YOUR INSTRUCTIONS: Look below for the line that has "De microcontroller (IC1)". Set down the lines from there through the line that has "Piercing de type", exactly as written.

EXTRACTED RECORDS:
::::

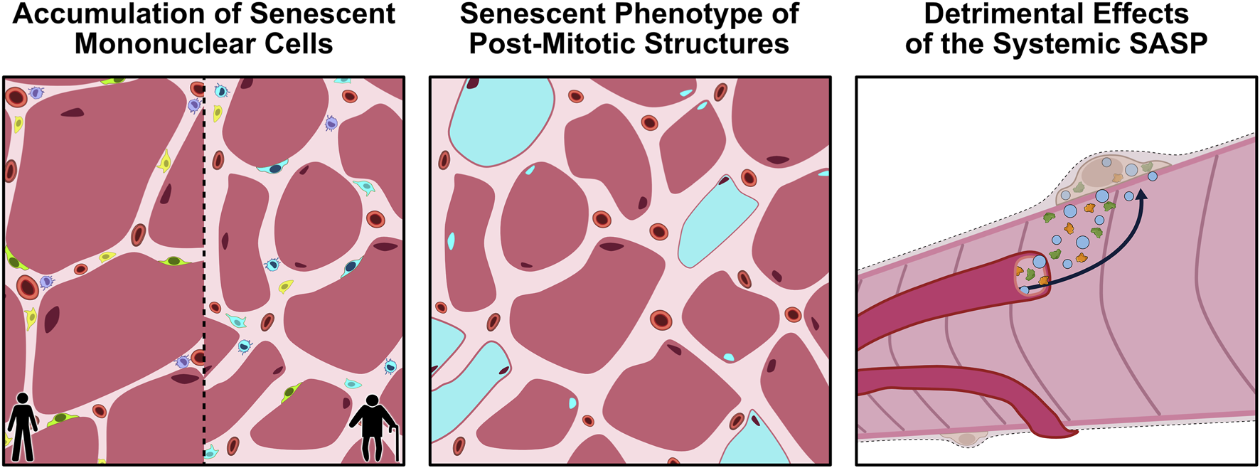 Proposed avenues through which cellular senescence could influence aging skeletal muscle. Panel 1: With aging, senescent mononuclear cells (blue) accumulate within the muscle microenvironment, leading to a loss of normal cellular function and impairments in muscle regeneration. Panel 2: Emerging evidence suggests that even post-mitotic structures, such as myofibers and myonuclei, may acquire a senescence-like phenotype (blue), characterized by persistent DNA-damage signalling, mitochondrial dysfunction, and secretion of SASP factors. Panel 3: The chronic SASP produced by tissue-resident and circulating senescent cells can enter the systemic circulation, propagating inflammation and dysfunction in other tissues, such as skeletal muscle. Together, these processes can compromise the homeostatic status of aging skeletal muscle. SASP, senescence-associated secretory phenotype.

::::

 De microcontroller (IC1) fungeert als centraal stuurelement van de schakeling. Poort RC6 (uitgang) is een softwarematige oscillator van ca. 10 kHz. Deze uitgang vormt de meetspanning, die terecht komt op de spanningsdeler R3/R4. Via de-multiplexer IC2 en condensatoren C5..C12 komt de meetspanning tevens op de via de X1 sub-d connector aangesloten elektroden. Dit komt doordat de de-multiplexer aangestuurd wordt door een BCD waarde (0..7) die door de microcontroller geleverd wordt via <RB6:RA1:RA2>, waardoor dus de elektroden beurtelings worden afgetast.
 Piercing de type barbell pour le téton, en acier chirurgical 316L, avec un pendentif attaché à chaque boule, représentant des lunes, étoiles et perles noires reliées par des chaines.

::::

SOLUTION:
 De microcontroller (IC1) fungeert als centraal stuurelement van de schakeling. Poort RC6 (uitgang) is een softwarematige oscillator van ca. 10 kHz. Deze uitgang vormt de meetspanning, die terecht komt op de spanningsdeler R3/R4. Via de-multiplexer IC2 en condensatoren C5..C12 komt de meetspanning tevens op de via de X1 sub-d connector aangesloten elektroden. Dit komt doordat de de-multiplexer aangestuurd wordt door een BCD waarde (0..7) die door de microcontroller geleverd wordt via <RB6:RA1:RA2>, waardoor dus de elektroden beurtelings worden afgetast.
 Piercing de type barbell pour le téton, en acier chirurgical 316L, avec un pendentif attaché à chaque boule, représentant des lunes, étoiles et perles noires reliées par des chaines.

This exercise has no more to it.